━━ EXERCISE DATA ━━
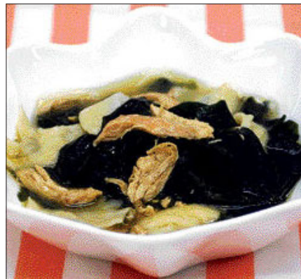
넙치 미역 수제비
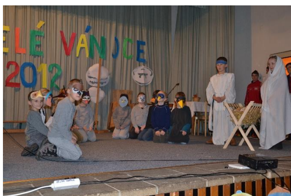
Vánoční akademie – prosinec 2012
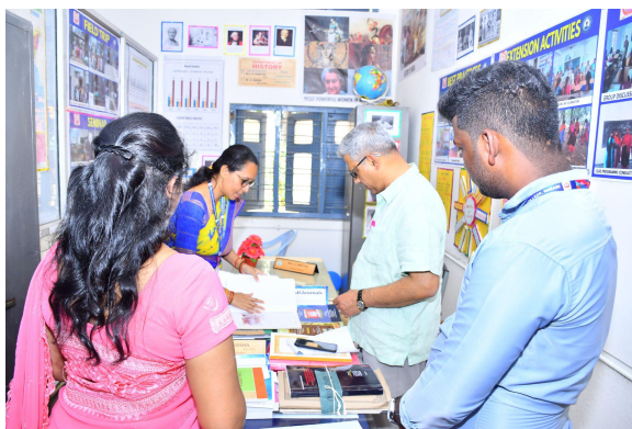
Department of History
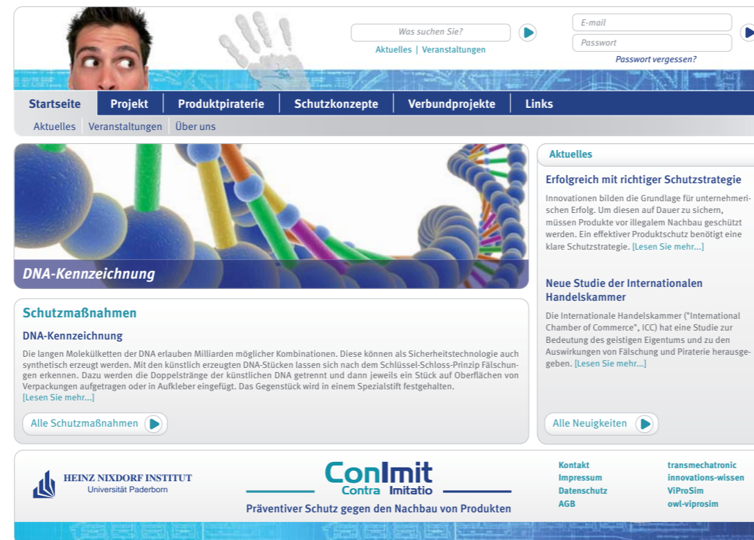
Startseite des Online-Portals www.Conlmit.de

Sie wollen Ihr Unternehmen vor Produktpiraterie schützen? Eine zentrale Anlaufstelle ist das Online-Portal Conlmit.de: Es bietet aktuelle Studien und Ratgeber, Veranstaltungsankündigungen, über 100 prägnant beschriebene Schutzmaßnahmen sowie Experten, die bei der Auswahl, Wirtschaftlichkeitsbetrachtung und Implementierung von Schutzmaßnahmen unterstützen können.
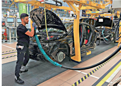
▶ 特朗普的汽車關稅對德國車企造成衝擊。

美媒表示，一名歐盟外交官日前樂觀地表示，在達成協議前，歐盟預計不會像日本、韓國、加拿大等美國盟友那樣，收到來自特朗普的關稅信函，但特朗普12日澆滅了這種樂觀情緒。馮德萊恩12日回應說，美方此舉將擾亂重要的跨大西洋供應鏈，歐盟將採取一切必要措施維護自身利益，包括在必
━━━
WORK REQUEST – When an image appears in the data, skip it and output the rest exactly.

RESULT FOR THIS TASK –
넙치 미역 수제비
Vánoční akademie – prosinec 2012
Department of History
Startseite des Online-Portals www.Conlmit.de

Sie wollen Ihr Unternehmen vor Produktpiraterie schützen? Eine zentrale Anlaufstelle ist das Online-Portal Conlmit.de: Es bietet aktuelle Studien und Ratgeber, Veranstaltungsankündigungen, über 100 prägnant beschriebene Schutzmaßnahmen sowie Experten, die bei der Auswahl, Wirtschaftlichkeitsbetrachtung und Implementierung von Schutzmaßnahmen unterstützen können.
▶ 特朗普的汽車關稅對德國車企造成衝擊。

美媒表示，一名歐盟外交官日前樂觀地表示，在達成協議前，歐盟預計不會像日本、韓國、加拿大等美國盟友那樣，收到來自特朗普的關稅信函，但特朗普12日澆滅了這種樂觀情緒。馮德萊恩12日回應說，美方此舉將擾亂重要的跨大西洋供應鏈，歐盟將採取一切必要措施維護自身利益，包括在必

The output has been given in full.